О статьях Крамника Кирилл не вспоминал – тем более что вероятность отыскать их представлялась практически нулевой. Рассказанная Брянцевым история про Александра Сергеевича Броткина, «гениального ученика Уляшова», была, судя по всему, банальной мистификацией. Следовало сразу догадаться – уж слишком складно все комбинировалось. В самом деле: Брянцев случайно узнаёт, что Кириллу нужны работы Крамника, и сию же секунду бросается помогать (хотя зачем бы ему это?), и ловко выводит на сцену какого-то мифического ученого, о котором никто никогда не слышал, но который – надо же, какое совпадение! – именно Крамником всю жизнь и занимался, и имеет какие-то редкие материалы, и работает при этом не где-нибудь в Хабаровске, а – вот так везение – в Петербурге, в одном из корпусов Университета на Петроградской стороне. (Конечно, жизнь способна разыгрывать и не такие партии, и Кирилл лишний раз все перепроверил. Увы, фамилия «Броткин» в самом деле никому ничего не говорила. О Броткине (якобы своем «лучшем ученике») ни словом не обмолвился Уляшов, о Броткине никогда не упоминал Иван Галиевич, о Броткине ничего не слышала и Майя (в целом, как выяснилось, отлично знавшая всю подноготную академической жизни Петербурга); Броткин не числился в телефонной книге Университета, Броткин отсутствовал в списке штатных сотрудников кафедры анализа закрытых начал. Броткин просто-напросто не существовал.)

Что ж, это было вполне в духе Брянцева: сочинить спьяну дурацкий розыгрыш, состряпать историю, в которой ни на клетку правдоподобия (и еще подпустить туда мерзкого непристойного душка: «Будь осторожен, ведь Броткин – извращенец!»; сам ты, Андрей, наверное, сексуальный извращенец, с такими разговорами и поведением).

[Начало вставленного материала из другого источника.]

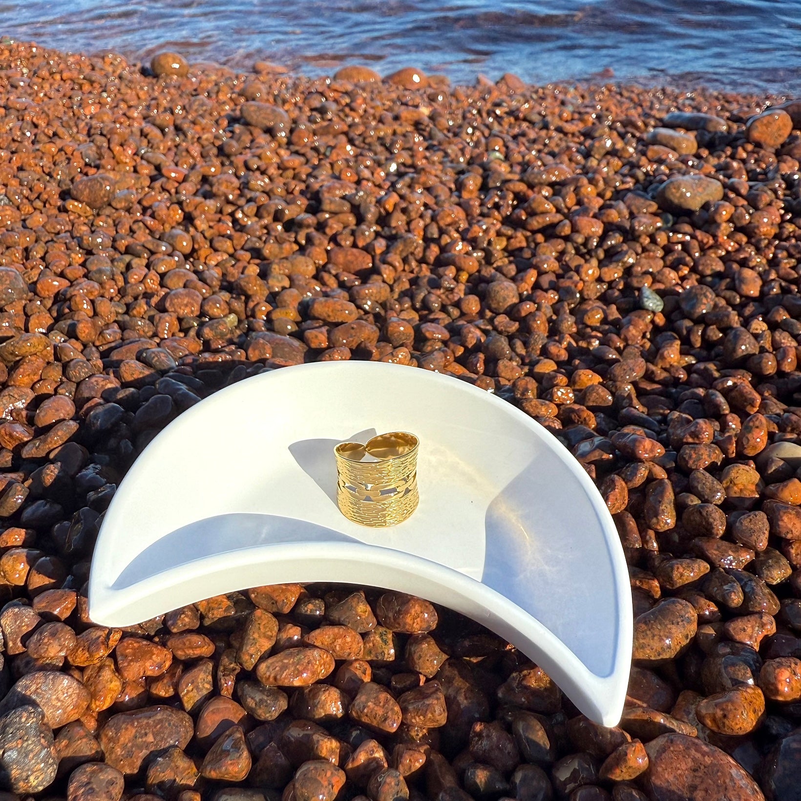 Large et confortable, Orane habille instantanément les doigts et apporte une touche sophistiquée à toutes les tenues. Un bijou au style affirmé, parfait pour un look chic, solaire et tendance.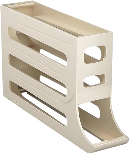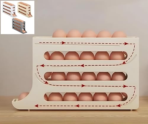 - Featuring a four-layer egg storage rack, this egg holder eliminates the hassle of cumbersome lid-pulling. Its automatic sliding egg storage box is designed with a 7° sloped angle, allowing eggs to roll down effortlessly and fill any gaps. This thoughtful design not only enhances accessibility but also ensures that your eggs are always organized and easy to retrieve, streamlining your kitchen experience.

Впрочем, черт с ним, с Брянцевым, есть вопросы и поважней. Ведь Кирилл провел в аспирантуре целый год, а исследование так и не продвинулось. Вероятно, все же следовало, скрепя сердце, отказаться от Берлинской стены и сосредоточиться на изучении Итальянской партии – план действий, казавшийся теперь чуть ли не единственно возможным, к тому же многообещающим; Иван Галиевич тоже его одобрил.

В один из таких дней, полных забот, пришло СМС-сообщение от Майи («Skuchayu! Priezjay v gosti seichas»), и Кирилл внезапно понял, что не видел ее уже больше недели. (К тому инциденту на вечеринке у Ноны эта длительная пауза отношения не имела – просто Майя тоже была занята, сдавала зачеты, готовилась к сессии.) Купив в магазинчике возле Садовой бутылку кубанского сухого рислинга, Кирилл помчался на Петроградку. Метро «Сенная», следующая станция «Невский проспект», следующая станция «Рагозинская», как медленно ползет эскалатор, как сильно стучит сердце, как жадно глаза ищут знакомый дом. Майя, наверное, сидит у окна, на ней тонкое, почти невесомое платье, в пальцах папироска, на шее смешной кулончик; сейчас она услышит стук, и побежит к двери, и радостно распахнет ее, и улыбнется Кириллу: «Как ты быстро!» А Кирилл действительно быстро, еще быстрее, ноги сами несут его по ступенькам – и, разогнавшись, он чуть не врезается в импозантного гражданина, зачем-то остановившегося на лестничной площадке.

вернуться

20

«Об игре в шахматы» (лат.).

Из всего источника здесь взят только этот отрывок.